*ACTIVITY*: Down to the last line below, write out every line exactly, starting with the one that contains "Spoznavanje samoniknih rastlin" and leaving out the pictures.

*SUPPLIED DATA*:
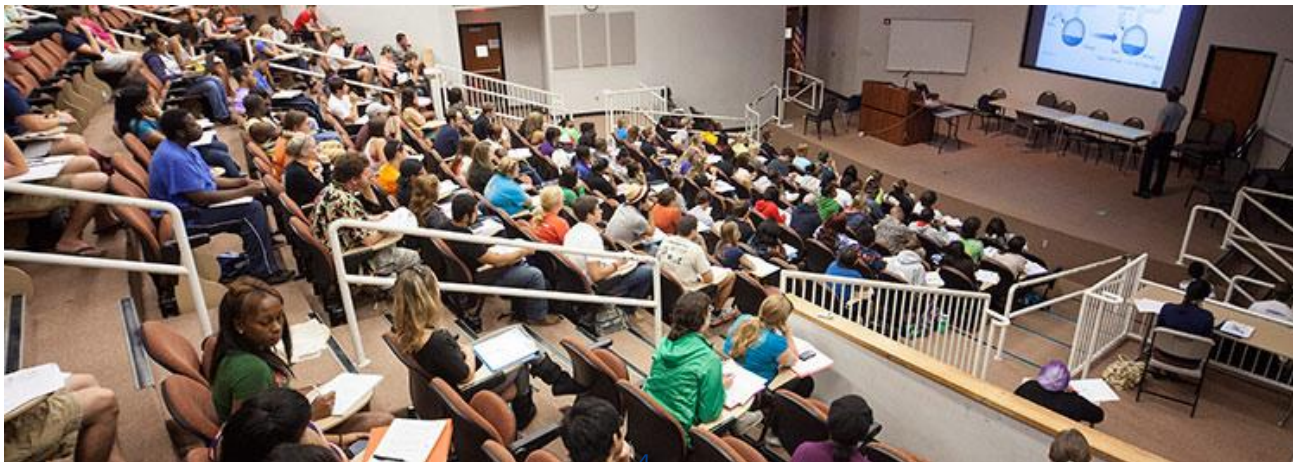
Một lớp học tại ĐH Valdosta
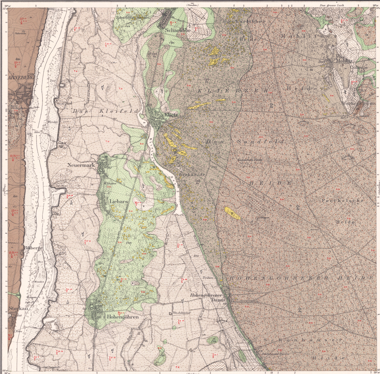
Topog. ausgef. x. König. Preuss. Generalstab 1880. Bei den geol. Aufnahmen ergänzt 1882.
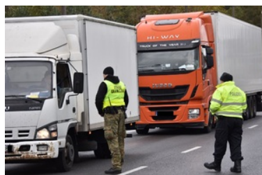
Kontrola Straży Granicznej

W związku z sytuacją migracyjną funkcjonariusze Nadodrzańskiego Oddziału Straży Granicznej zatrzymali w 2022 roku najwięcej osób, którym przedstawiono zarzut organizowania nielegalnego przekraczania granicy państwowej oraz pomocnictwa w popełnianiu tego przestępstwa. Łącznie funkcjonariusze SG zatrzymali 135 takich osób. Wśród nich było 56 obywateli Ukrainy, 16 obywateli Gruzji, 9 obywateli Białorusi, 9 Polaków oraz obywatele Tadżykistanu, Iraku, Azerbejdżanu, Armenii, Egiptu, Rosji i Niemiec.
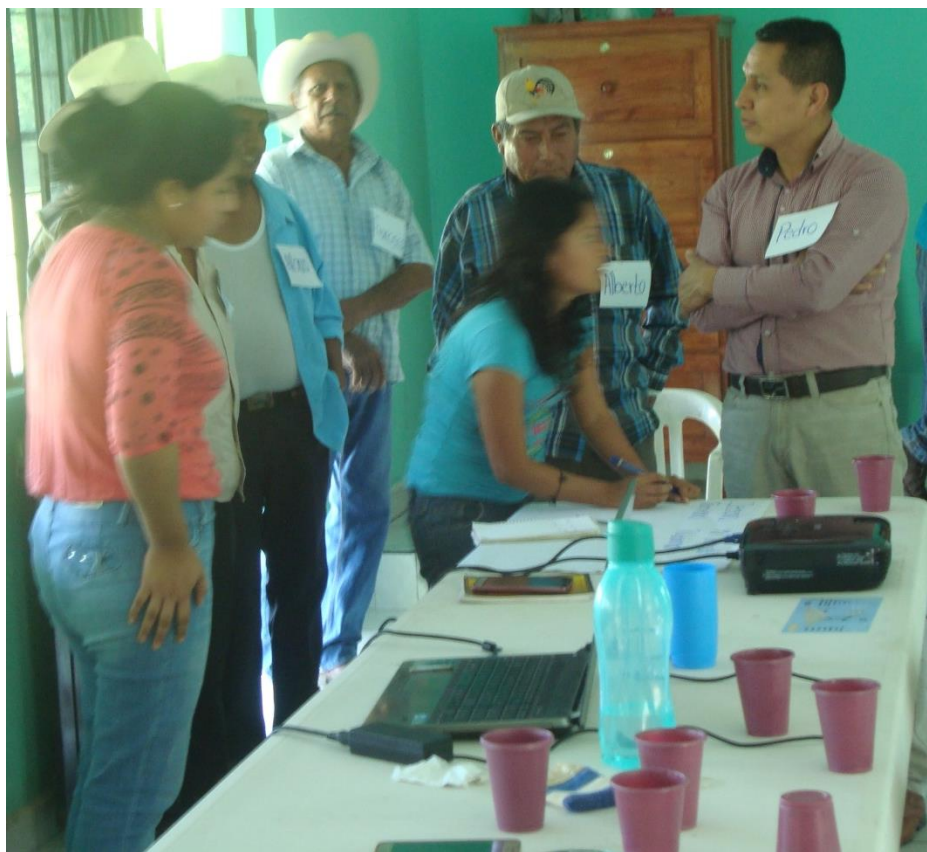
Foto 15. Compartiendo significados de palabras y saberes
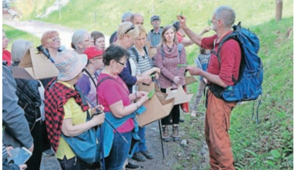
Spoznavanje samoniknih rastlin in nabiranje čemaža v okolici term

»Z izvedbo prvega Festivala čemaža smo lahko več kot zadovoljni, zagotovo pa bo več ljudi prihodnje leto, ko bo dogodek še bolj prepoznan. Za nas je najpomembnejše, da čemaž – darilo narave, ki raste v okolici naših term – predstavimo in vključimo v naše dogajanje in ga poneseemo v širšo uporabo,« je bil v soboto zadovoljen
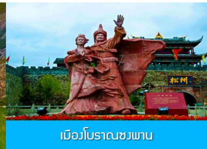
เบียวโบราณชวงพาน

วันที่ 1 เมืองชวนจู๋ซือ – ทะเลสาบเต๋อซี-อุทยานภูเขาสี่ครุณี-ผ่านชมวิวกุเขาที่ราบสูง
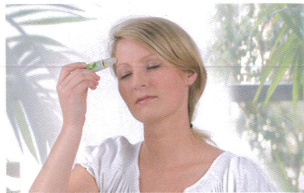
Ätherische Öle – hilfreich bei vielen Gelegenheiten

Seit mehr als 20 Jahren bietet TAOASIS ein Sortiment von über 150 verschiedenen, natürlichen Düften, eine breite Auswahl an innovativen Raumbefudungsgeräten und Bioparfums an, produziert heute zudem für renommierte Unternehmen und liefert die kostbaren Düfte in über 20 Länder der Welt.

*RESPONSE BELOW*:
Spoznavanje samoniknih rastlin in nabiranje čemaža v okolici term

»Z izvedbo prvega Festivala čemaža smo lahko več kot zadovoljni, zagotovo pa bo več ljudi prihodnje leto, ko bo dogodek še bolj prepoznan. Za nas je najpomembnejše, da čemaž – darilo narave, ki raste v okolici naših term – predstavimo in vključimo v naše dogajanje in ga poneseemo v širšo uporabo,« je bil v soboto zadovoljen
เบียวโบราณชวงพาน

วันที่ 1 เมืองชวนจู๋ซือ – ทะเลสาบเต๋อซี-อุทยานภูเขาสี่ครุณี-ผ่านชมวิวกุเขาที่ราบสูง
Ätherische Öle – hilfreich bei vielen Gelegenheiten

Seit mehr als 20 Jahren bietet TAOASIS ein Sortiment von über 150 verschiedenen, natürlichen Düften, eine breite Auswahl an innovativen Raumbefudungsgeräten und Bioparfums an, produziert heute zudem für renommierte Unternehmen und liefert die kostbaren Düfte in über 20 Länder der Welt.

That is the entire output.